## Input records

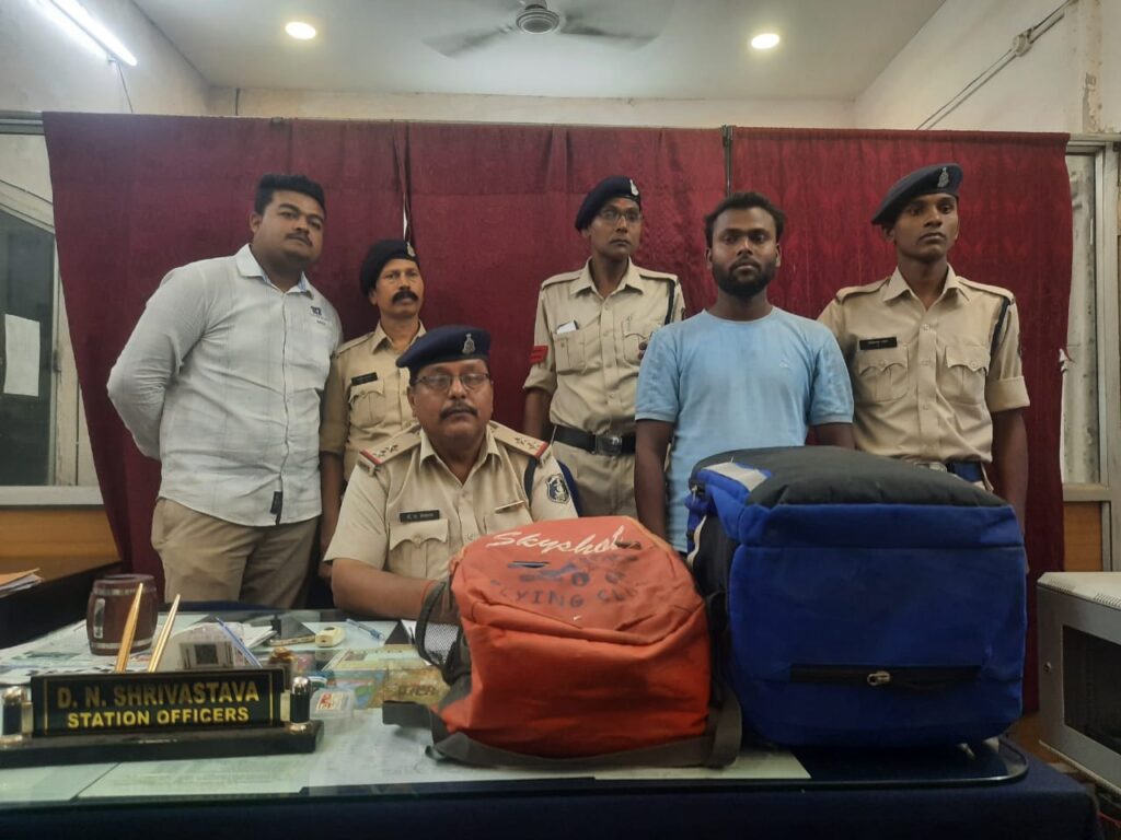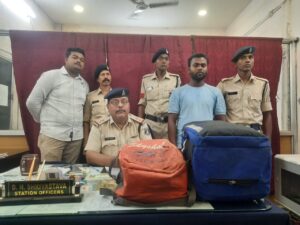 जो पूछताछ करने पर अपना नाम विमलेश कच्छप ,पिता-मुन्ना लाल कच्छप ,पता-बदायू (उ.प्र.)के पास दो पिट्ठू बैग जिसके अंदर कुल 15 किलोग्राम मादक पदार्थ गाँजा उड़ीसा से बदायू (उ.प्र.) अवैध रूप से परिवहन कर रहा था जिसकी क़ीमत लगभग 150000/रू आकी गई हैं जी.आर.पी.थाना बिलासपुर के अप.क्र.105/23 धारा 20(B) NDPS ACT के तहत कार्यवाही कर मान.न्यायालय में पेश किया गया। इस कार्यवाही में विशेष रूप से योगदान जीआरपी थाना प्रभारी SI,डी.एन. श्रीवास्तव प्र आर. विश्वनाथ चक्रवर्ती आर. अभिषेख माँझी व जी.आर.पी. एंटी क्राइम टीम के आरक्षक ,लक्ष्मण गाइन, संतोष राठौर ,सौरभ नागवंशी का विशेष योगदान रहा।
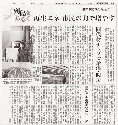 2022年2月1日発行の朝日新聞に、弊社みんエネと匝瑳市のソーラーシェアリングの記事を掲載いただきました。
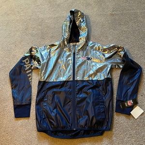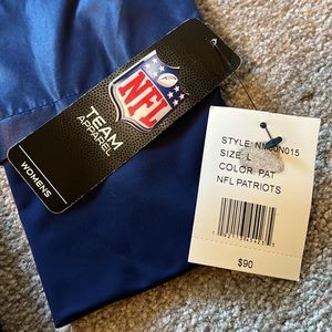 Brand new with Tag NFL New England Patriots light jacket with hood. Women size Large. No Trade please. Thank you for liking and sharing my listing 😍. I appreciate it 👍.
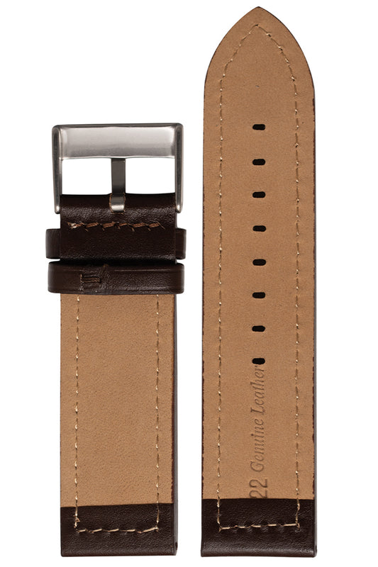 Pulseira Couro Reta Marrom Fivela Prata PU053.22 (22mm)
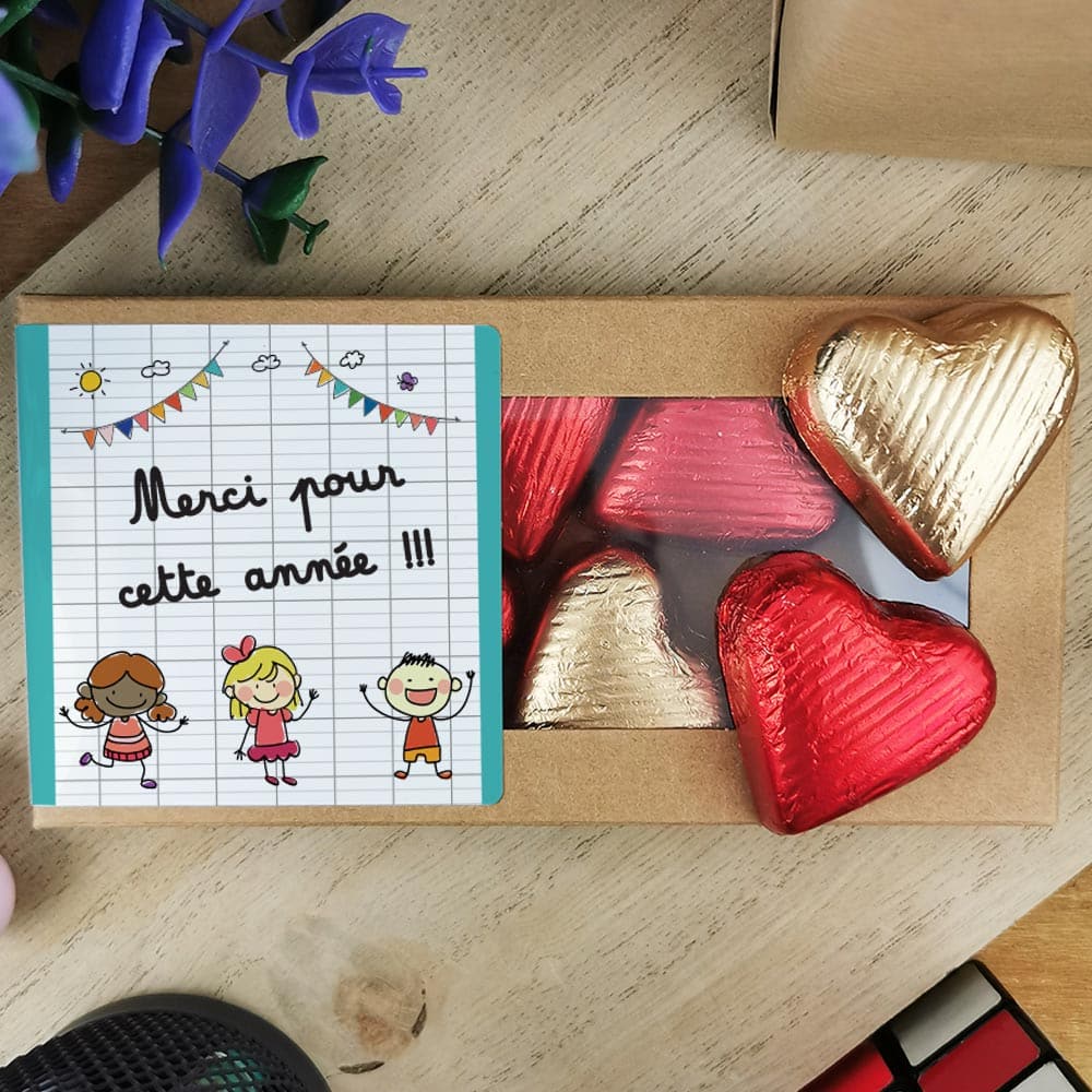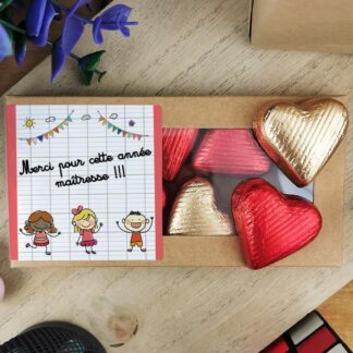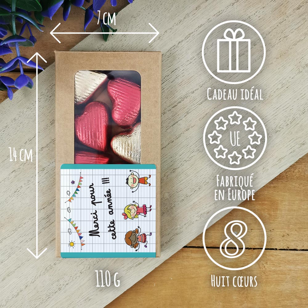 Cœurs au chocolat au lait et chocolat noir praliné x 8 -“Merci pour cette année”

## What the exercise asks
Copy nothing but the lines from the top of the material through the line holding "2022年2月1日発行の朝日", exactly as written; omit pictures.

## Answer to this exercise
 जो पूछताछ करने पर अपना नाम विमलेश कच्छप ,पिता-मुन्ना लाल कच्छप ,पता-बदायू (उ.प्र.)के पास दो पिट्ठू बैग जिसके अंदर कुल 15 किलोग्राम मादक पदार्थ गाँजा उड़ीसा से बदायू (उ.प्र.) अवैध रूप से परिवहन कर रहा था जिसकी क़ीमत लगभग 150000/रू आकी गई हैं जी.आर.पी.थाना बिलासपुर के अप.क्र.105/23 धारा 20(B) NDPS ACT के तहत कार्यवाही कर मान.न्यायालय में पेश किया गया। इस कार्यवाही में विशेष रूप से योगदान जीआरपी थाना प्रभारी SI,डी.एन. श्रीवास्तव प्र आर. विश्वनाथ चक्रवर्ती आर. अभिषेख माँझी व जी.आर.पी. एंटी क्राइम टीम के आरक्षक ,लक्ष्मण गाइन, संतोष राठौर ,सौरभ नागवंशी का विशेष योगदान रहा।
 2022年2月1日発行の朝日新聞に、弊社みんエネと匝瑳市のソーラーシェアリングの記事を掲載いただきました。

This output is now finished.